Jornalista natural da ilha de Moçambique. Com apenas 16 anos, veio para Lisboa onde começou a trabalhar como secretária. Em 1957, tornou-se conhecida por ser a primeira locutora de continuidade da RTP (Radiotelevisão Portuguesa) e pela organização dos concursos de Miss Portugal. Atenta ao contexto político nacional, participou na luta contra o regime de Salazar, integrando manifestações de contestação. Em 1958, secretariou a candidatura à presidência da República do general Humberto Delgado.

O seu casamento com o historiador José Manuel Tengarrinha, militante de esquerda, despertou-lhe simpatias pelo Partido Comunista Português e pelo movimento comunista, com o qual colaborou.

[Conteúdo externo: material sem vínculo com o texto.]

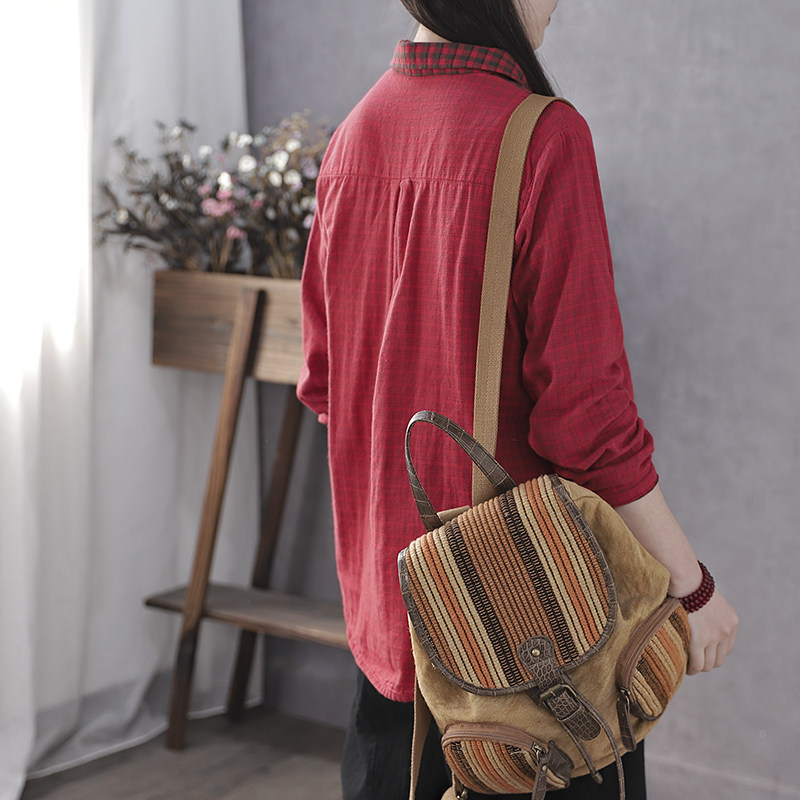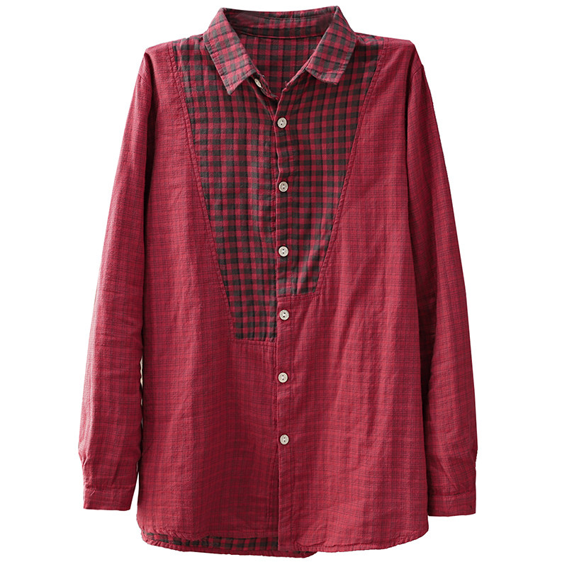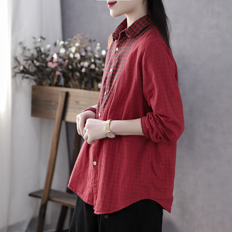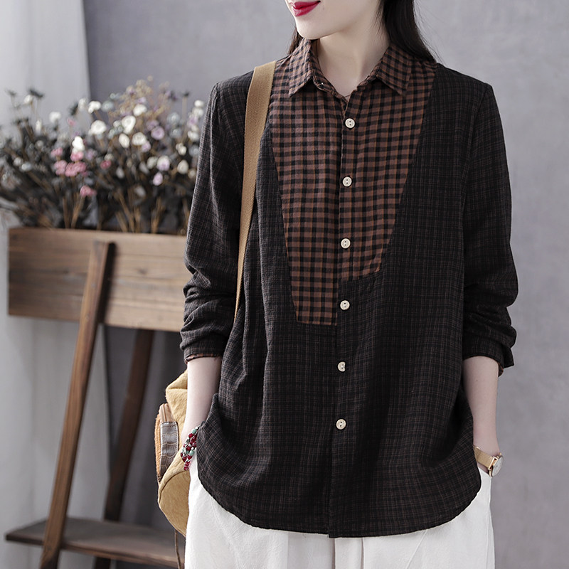 Han Suoyi retro literature and art spring and autumn new top base shirt cotton and linen plaid shirt women's long-sleeved Hong Kong taste thin
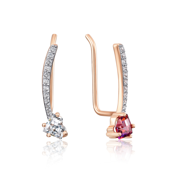 Сережки-кафи з червоного золота 585 проби з фіанітами S Zirconia.

Em 1965, decidiu dedicar-se ao jornalismo. Começou por assegurar a primeira crónica social portuguesa, chamada «Bisbilhotices», no Diário Popular, escrevendo sob o pseudónimo Vera Lagoa (escolhido por Luís de Sttau Monteiro). Durante a sua carreira jornalística foi várias vezes levada a tribunal, acusada de injúrias e difamação, sendo os seus alvos Ramalho Eanes, Álvaro Cunhal, Costa Gomes, Vasco Gonçalves, Melo Antunes, Almeida Santos e Mário Soares, entre outras figuras públicas. Em 1976, fundou o semanário O Diabo, assumindo a sua direcção ao longo de 15 anos.

Em 1979, foi amnistiada de todas as condenações por abuso de liberdade de imprensa. Distinguiu-se pelo seu esforço de provocar a continuidade das investigações sobre o «Caso de Camarate», no sentido de se apurarem as razões do acidente que causou a morte de Sá Carneiro e Adelino Amaro da Costa. Deixou publicado o livro Histórias de Revolucionários Que Eu Conheci.